Center for the Study of Systems Biology, School of Biology, Georgia Institute of Technology, Atlanta, GA 30318, USA.
Proteins. 2010 Jan;78(1):118-34. doi: 10.1002/prot.22566.
To exploit the vast amount of sequence information provided by the Genomic revolution, the biological function of these sequences must be identified. As a practical matter, this is often accomplished by functional inference. Purely sequence-based approaches, particularly in the "twilight zone" of low sequence similarity levels, are complicated by many factors. For proteins, structure-based techniques aim to overcome these problems; however, most require high-quality crystal structures and suffer from complex and equivocal relations between protein fold and function. In this study, in extensive benchmarking, we consider a number of aspects of structure-based functional annotation: binding pocket detection, molecular function assignment and ligand-based virtual screening. We demonstrate that protein threading driven by a strong sequence profile component greatly improves the quality of purely structure-based functional annotation in the "twilight zone." By detecting evolutionarily related proteins, it considerably reduces the high false positive rate of function inference derived on the basis of global structure similarity alone. Combined evolution/structure-based function assignment emerges as a powerful technique that can make a significant contribution to comprehensive proteome annotation.
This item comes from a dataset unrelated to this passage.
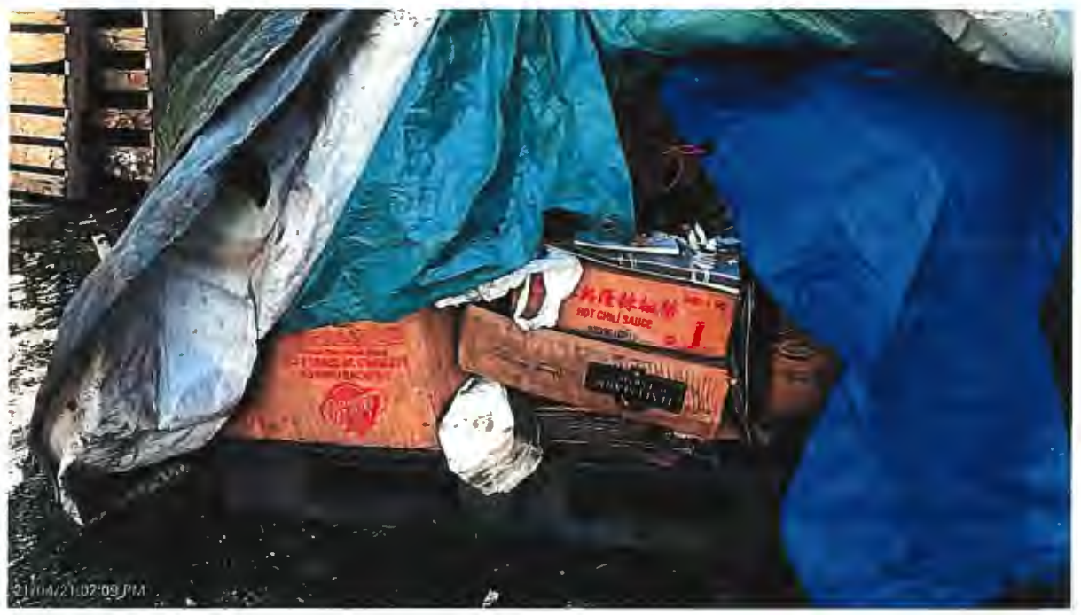
Photos of the backyard – Pallets throughout the yard. Under the tarps are boxes of books/newspapers 10100 Severn Drive – Photos taken April 21, 2021

为了充分利用基因组革命所提供的大量序列信息,必须确定这些序列的生物学功能。实际上,这通常是通过功能推断来完成的。纯粹基于序列的方法,特别是在序列相似性水平较低的“ twilight zone”中,受到许多因素的影响。对于蛋白质,基于结构的技术旨在克服这些问题;但是,大多数方法都需要高质量的晶体结构,并且在蛋白质折叠和功能之间存在复杂而模糊的关系。在这项研究中,我们在广泛的基准测试中考虑了基于结构的功能注释的多个方面:结合口袋检测,分子功能分配和基于配体的虚拟筛选。我们证明,由强大的序列轮廓组成的蛋白质穿线大大提高了“ twilight zone”中纯基于结构的功能注释的质量。通过检测进化上相关的蛋白质,它大大降低了仅基于全局结构相似性得出的功能推断的高假阳性率。基于进化/结构的功能分配的组合成为一种强大的技术,可以为全面的蛋白质组注释做出重大贡献。